The TSX Venture Exchange ("TSXV") has conditionally approved the listing of the Shares (the "Listing"). The Listing is conditional on the Company and the Amalco (as defined below) fulfilling a number of conditions on or before November 17, 2023. It is expected that these conditions precedent will be satisfied and the common shares of the Company (the "Shares") are expected to commence trading on the TSXV under the new ticker symbol "SEND" on or about October 4, 2023. A further press release will be issued once trading has commenced.
Transaction
Prior to the completion of the Transaction, the Company changed its name from "1319732 B.C. Ltd." to "Sendero Resources Corp." (the "Name Change"). The Name Change was approved by the shareholders of the Company on September 25, 2023.
The Transaction was completed by way of a "three-cornered" amalgamation pursuant to the provisions of the Business Corporations Act (British Columbia). Pursuant to the Transaction, all common shares of the Target (the "Target Shares") were exchanged for Shares on a one-for-one basis and the Target and 1409689 B.C. Ltd., a wholly-owned subsidiary of the Company, amalgamated with the Target continuing as a wholly-owned subsidiary of the Company under the name "Sendero Holdings Ltd." (formerly Sendero Resources Corp.) ("Amalco"). With the completion of the Transaction, the Company has 65,408,438 Shares issued and outstanding (on an undiluted basis) and has issued warrants and options convertible into a further 21,536,540 Shares.
In connection with the transaction, on April 27, 2023, the Target completed a brokered private placement of 11,014,500 subscription receipts (the "Subscription Receipts") at a price of $0.20 per Subscription Receipt for gross proceeds of $2,202,900. Echelon Wealth Partners Inc., M Partners Inc. and PI Financial Corp. acted as agents in respect of the offering of Subscription Receipts. Immediately prior to the closing of the Transaction, each Subscription Receipt was converted into one common share of the Target and one half of one common share purchase warrant pursuant to the terms of a subscription receipt agreement between the Target, Echelon Wealth Partners Inc., and Odyssey Trust Company (the "Subscription Receipt Agreement"), and such Target common shares and warrants were in turn exchanged for Shares pursuant to the Transaction. In addition, escrowed proceeds were also released in accordance with the provisions of the Subscription Receipt Agreement.
In addition, between April 27, 2023, and July 25, 2023, the Target completed a non-brokered placement of 18,265,250 units (the "Non-Brokered Unit") at a price of $0.20 per Non-Brokered Unit for gross proceeds of $3,653,050. Each Non-Brokered Unit is comprised of one Target common share and one half of one common share purchase warrants.
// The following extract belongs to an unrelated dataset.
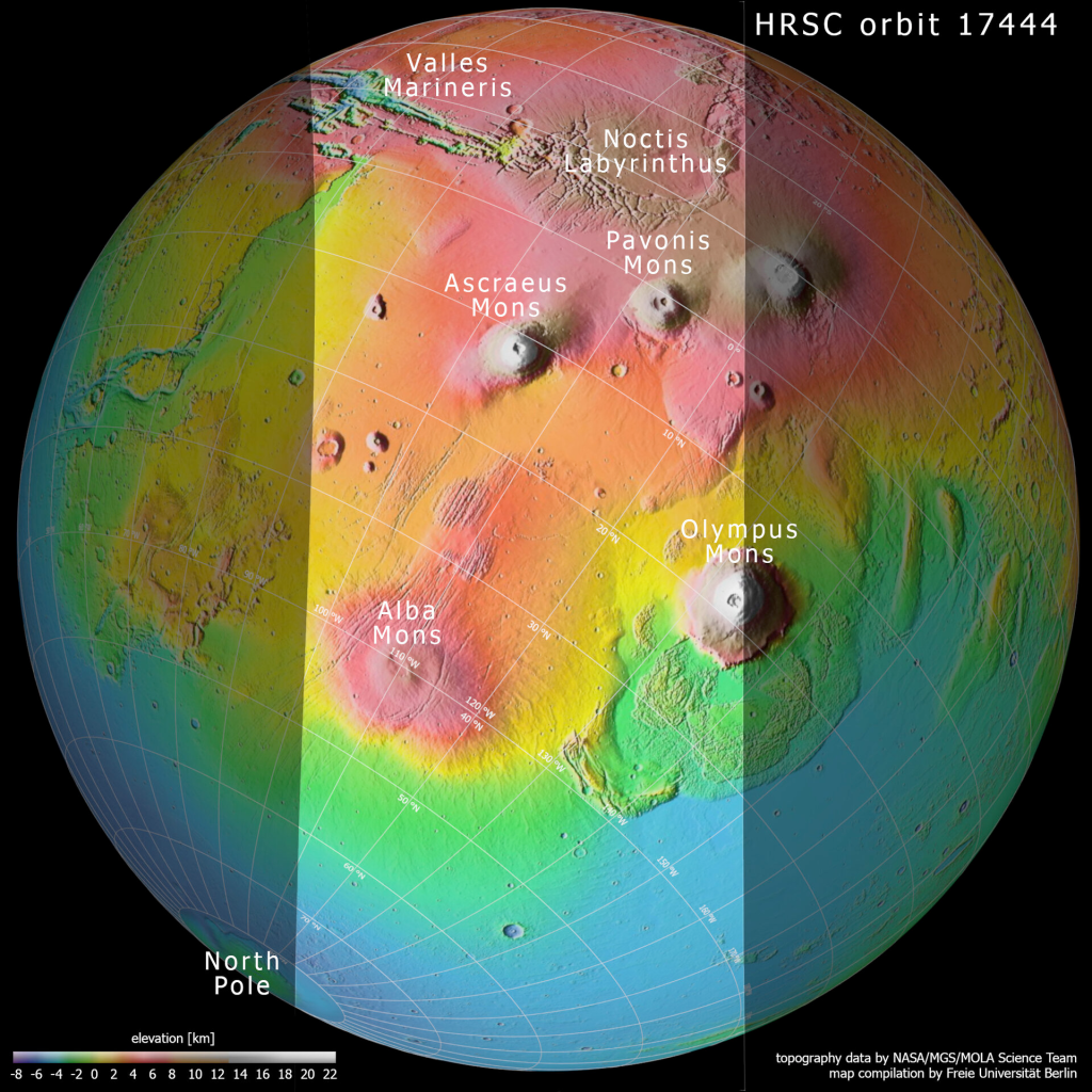 Frosty volcanoes discovered in Mars’s tropics, European Space Agency

For further information on the Subscription Receipt and Non-Brokered Unit financings, see the Company's press releases dated March 3, 2023 and April 27, 2023.
Following the Transaction, the leadership team of the Company is as follows:
- Hernan Vera - Chief Executive Officer and Director
- Michael Wood - Executive Chairman, Chief Financial Officer and Director
- Marco Roque - Director
- Jimmy Lim - Director
- Zachary Goldenberg - Director
Additional information in respect of the Company's business and the Transaction will be available in the Company's Form 2B Listing Application which has been filed on SEDAR (www.sedar.com). As described in the Company's Listing Application, certain of the Shares are subject to escrow requirements in accordance with TSXV Policy 5.4 - Escrow Vendor Considerations and Resale Restrictions.
Early Warning Report
In connection with the Transaction, certain reporting thresholds were triggered by: (i) Mr. Vera's holding company, Independence Fortaleza, Societad Limitada ("Independence"); (ii) Shimcity Inc. ("Shimcity"); (iii) 2657456 Ontario Inc. ("265"); and (iii) 257456 Ontario Ltd. ("257" collectively with Independence, Shimcity, and 265, the "Reporters"), that require the filing of an early warning report under National Instrument 62-103 - The Early Warning System and Related Take-Over Bid and Insider Reporting Issues.
Prior to the completion of the Transaction, the Reporters held the following securities in the Company:
Independence, a corporation with a head office in Malaga, Spain, held no securities in the Company;
Shimcity, a corporation with a head office in Toronto, Ontario, held 976,151 Shares in the Company, representing 24.40% of the issued and outstanding Shares;
265, a corporation with a head office in Toronto, Ontario, held 976,140 Shares in the Company, representing 24.40% of the issued and outstanding Shares; and
257, a corporation with a head office in Toronto, Ontario, held 1,952,288 Shares in the Company, representing 48.80% of the issued and outstanding Shares.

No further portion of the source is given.